What Is A Thymine Dimer? How Might It Occur? How Is It Repaired?

Deoxyribonucleic acid, like any other molecule, tin undergo a variety of chemical reactions. Considering Deoxyribonucleic acid uniquely serves every bit a permanent re-create of the cell genome, nevertheless, changes in its structure are of much greater issue than are alterations in other cell components, such as RNAs or proteins. Mutations can result from the incorporation of incorrect bases during Deoxyribonucleic acid replication. In add-on, various chemical changes occur in DNA either spontaneously (Figure v.nineteen) or as a result of exposure to chemicals or radiation (Effigy 5.20). Such impairment to Dna can block replication or transcription, and tin can result in a high frequency of mutations—consequences that are unacceptable from the standpoint of cell reproduction. To maintain the integrity of their genomes, cells have therefore had to evolve mechanisms to repair damaged Dna. These mechanisms of DNA repair can exist divided into ii general classes: (1) direct reversal of the chemical reaction responsible for DNA damage, and (2) removal of the damaged bases followed past their replacement with newly synthesized DNA. Where Dna repair fails, additional mechanisms have evolved to enable cells to cope with the damage.

Figure v.xix

Spontaneous damage to DNA. There are two major forms of spontaneous DNA damage: (A) deamination of adenine, cytosine, and guanine, and (B) depurination (loss of purine bases) resulting from cleavage of the bond between the purine bases and deoxyribose, (more...)

Figure 5.20

Examples of DNA damage induced by radiations and chemicals. (A) UV light induces the germination of pyrimidine dimers, in which two side by side pyrimidines (due east.g., thymines) are joined by a cyclobutane ring construction. (B) Alkylation is the addition of methyl (more...)

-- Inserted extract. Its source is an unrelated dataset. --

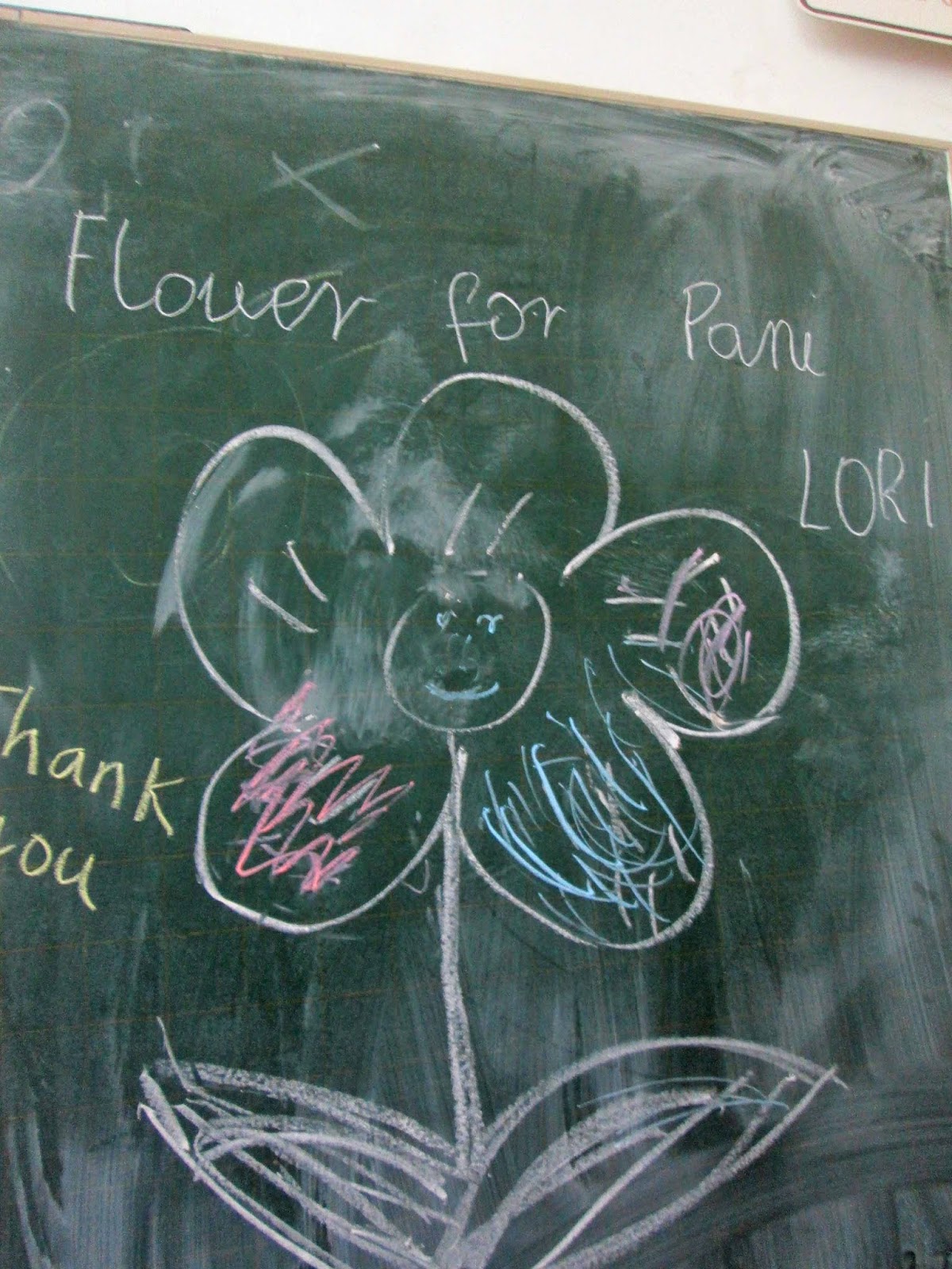 The day before the trip my 4th grade students were so excited about this trip. They asked, "Is Pani going?" Yes, Pani is going. They were so happy. And then during the break between lessons this appeared on the chalkboard in the room.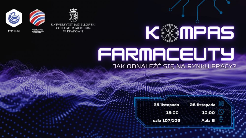 "Kompas Farmaceuty - jak odnaleźć się na rynku pracy?" jest okazją do zaczerpnięcia informacji na temat aktywności, które może wykonać absolwent farmacji w celu znalezienia wymarzonej pracy, jak również może być źródłem zaczerpnięcia motywacji dla przyszłych farmaceutów i nie tylko.

Direct Reversal of DNA Impairment

Most damage to DNA is repaired by removal of the damaged bases followed by resynthesis of the excised region. Some lesions in DNA, yet, tin can be repaired by direct reversal of the damage, which may be a more efficient way of dealing with specific types of Dna damage that occur frequently. Only a few types of Deoxyribonucleic acid damage are repaired in this way, peculiarly pyrimidine dimers resulting from exposure to ultraviolet (UV) lite and alkylated guanine residues that have been modified past the addition of methyl or ethyl groups at the O⁶ position of the purine ring.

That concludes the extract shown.